----- THE DATA
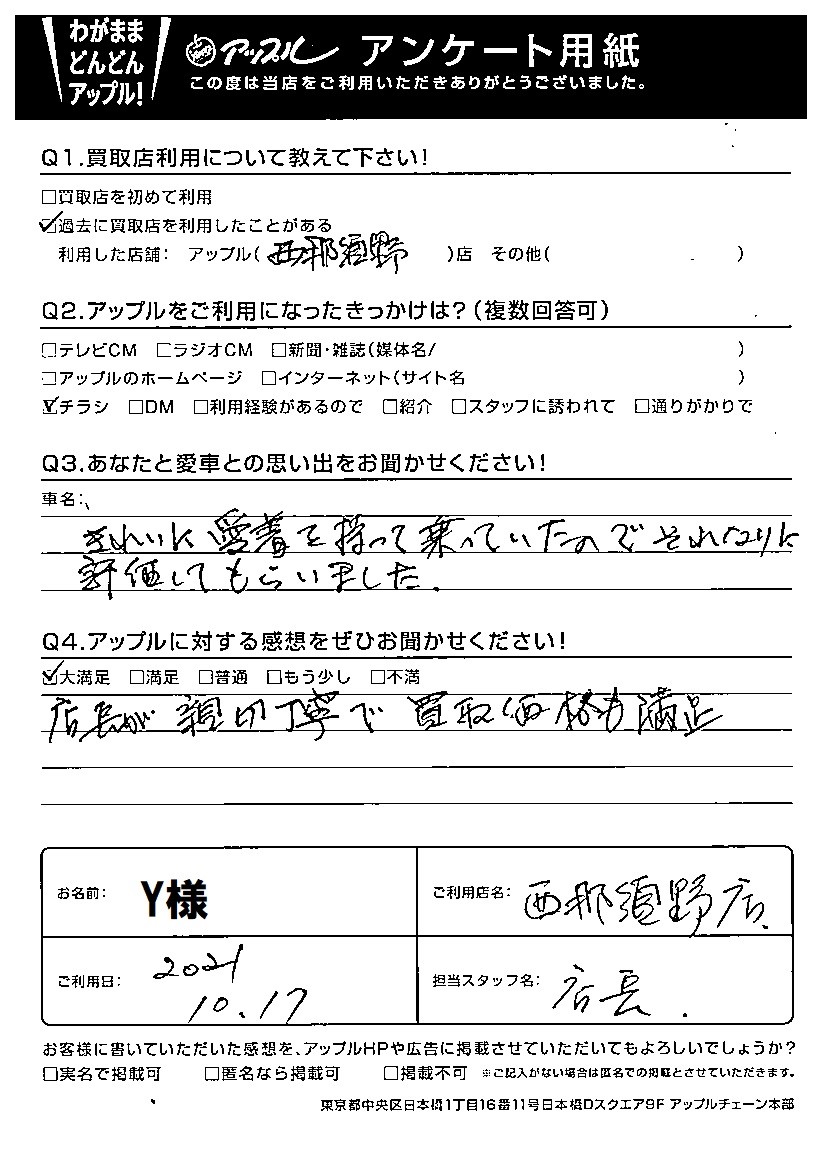 お車のご相談・ 査定だけでもOK! カンタン 入力 30秒 アップルがブランド買取始めました! お電話でも受付中! 受付時間10:00 ~ 19:00 0287-38-0544 お車のご相談・ 査定だけでもOK! カンタン 入力 30秒 アップルがブランド買取始めました! お電話でも受付中! 受付時間10:00 ~ 19:00 0287-38-0544 アップルがブランド買取始めました! お電話でも受付中! 受付時間10:00 ~ 19:00 0287-38-0544 店舗情報 在庫車 スタッフ紹介 ブログ お客様の声 キャンペーン 無料査定 click お客様の声 ご記入日: 2021/10/17 Y様 車名:スズキ MRワゴン 【愛車との思い出】きれいに愛着を持って乗っていたのでそれなりに評価してもらいました。『アップルに対する感想』大満足店長が親切丁寧で買取価格も満足 前へ 次へ お客様の声一覧を見る
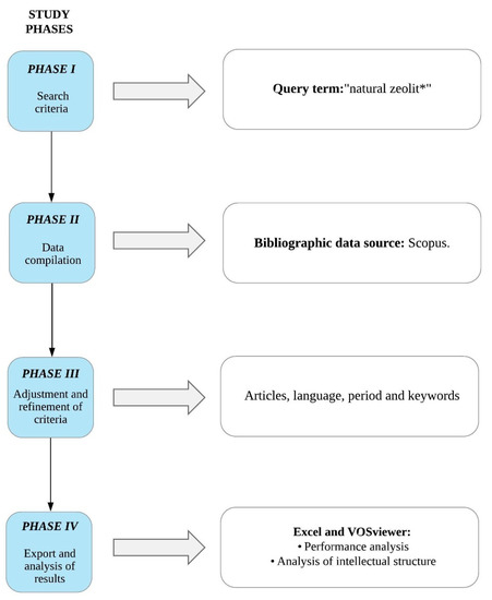 The initial data refinement was carried out using the information inclusion and exclusion criteria, by applying the type of document (article), language (English), and dates until 2020. The following search equation was utilized: TITLE-ABS-KEY (“natural zeolit*”) AND (LIMIT-TO (DOCTYPE, “ar”)) AND (LIMIT-TO (LANGUAGE, “English”)).
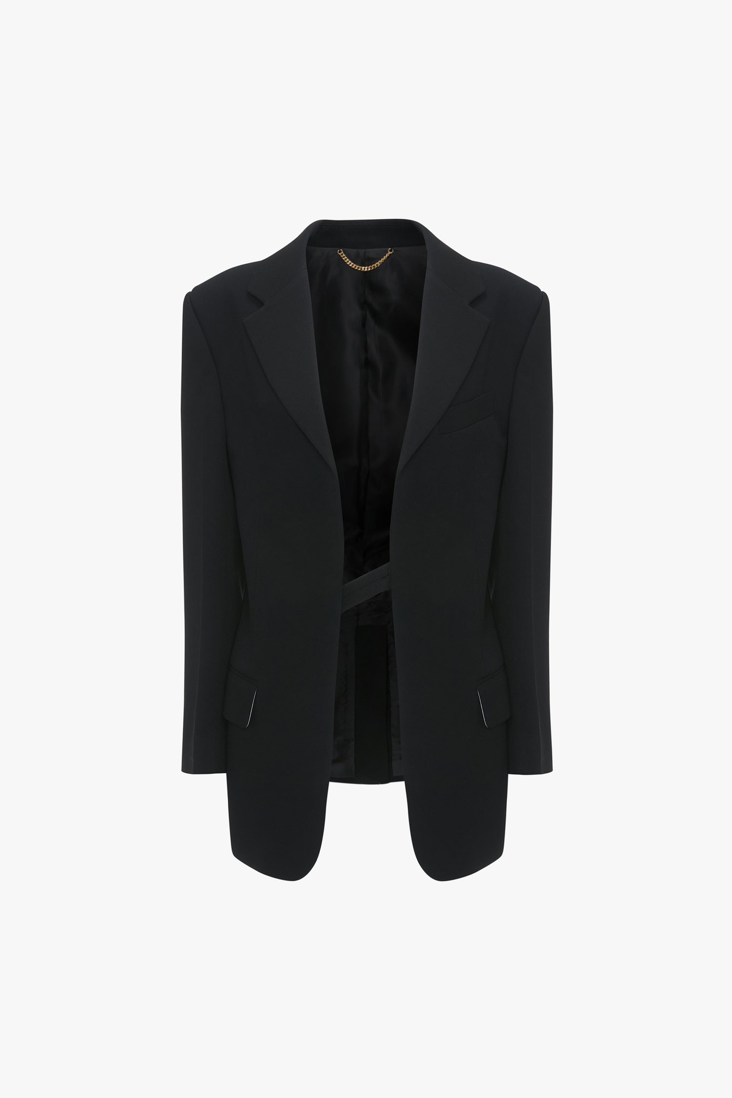 Contemporary tuxedo style is reflected in the Tux Jacket. A wide shoulder gives it a distinctive point of view, while sharp creases on the body and sleeves bring structure and definition. Tailored from a grain de poudre blend, it has a contrasting white melton fabric beneath the collar, front pockets with flaps, a single welt pocket at the chest and an inner tab for fastening.
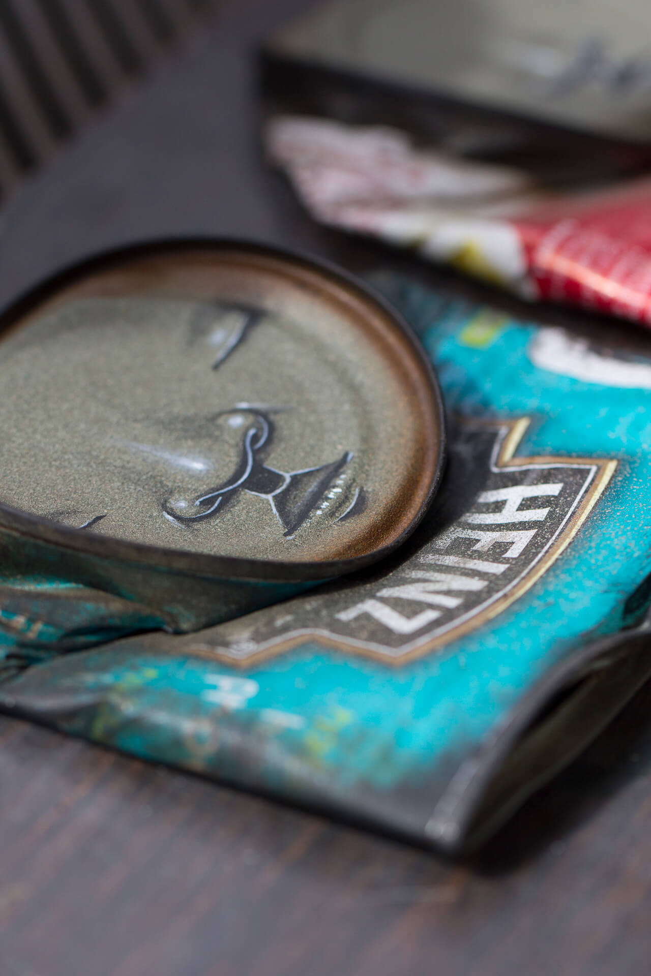 “One morning while looking for a spot to drop my FreeArtFriday I kicked a baked bean tin across the pavement. It had been flattened by traffic and lay squashed and rusted at my feet”.
----------
* WHAT IS NEEDED
One exact copy of the data is required, and it should hold no pictures.

* RESPONSE TO THE EXERCISE
 お車のご相談・ 査定だけでもOK! カンタン 入力 30秒 アップルがブランド買取始めました! お電話でも受付中! 受付時間10:00 ~ 19:00 0287-38-0544 お車のご相談・ 査定だけでもOK! カンタン 入力 30秒 アップルがブランド買取始めました! お電話でも受付中! 受付時間10:00 ~ 19:00 0287-38-0544 アップルがブランド買取始めました! お電話でも受付中! 受付時間10:00 ~ 19:00 0287-38-0544 店舗情報 在庫車 スタッフ紹介 ブログ お客様の声 キャンペーン 無料査定 click お客様の声 ご記入日: 2021/10/17 Y様 車名:スズキ MRワゴン 【愛車との思い出】きれいに愛着を持って乗っていたのでそれなりに評価してもらいました。『アップルに対する感想』大満足店長が親切丁寧で買取価格も満足 前へ 次へ お客様の声一覧を見る
 The initial data refinement was carried out using the information inclusion and exclusion criteria, by applying the type of document (article), language (English), and dates until 2020. The following search equation was utilized: TITLE-ABS-KEY (“natural zeolit*”) AND (LIMIT-TO (DOCTYPE, “ar”)) AND (LIMIT-TO (LANGUAGE, “English”)).
 Contemporary tuxedo style is reflected in the Tux Jacket. A wide shoulder gives it a distinctive point of view, while sharp creases on the body and sleeves bring structure and definition. Tailored from a grain de poudre blend, it has a contrasting white melton fabric beneath the collar, front pockets with flaps, a single welt pocket at the chest and an inner tab for fastening.
 “One morning while looking for a spot to drop my FreeArtFriday I kicked a baked bean tin across the pavement. It had been flattened by traffic and lay squashed and rusted at my feet”.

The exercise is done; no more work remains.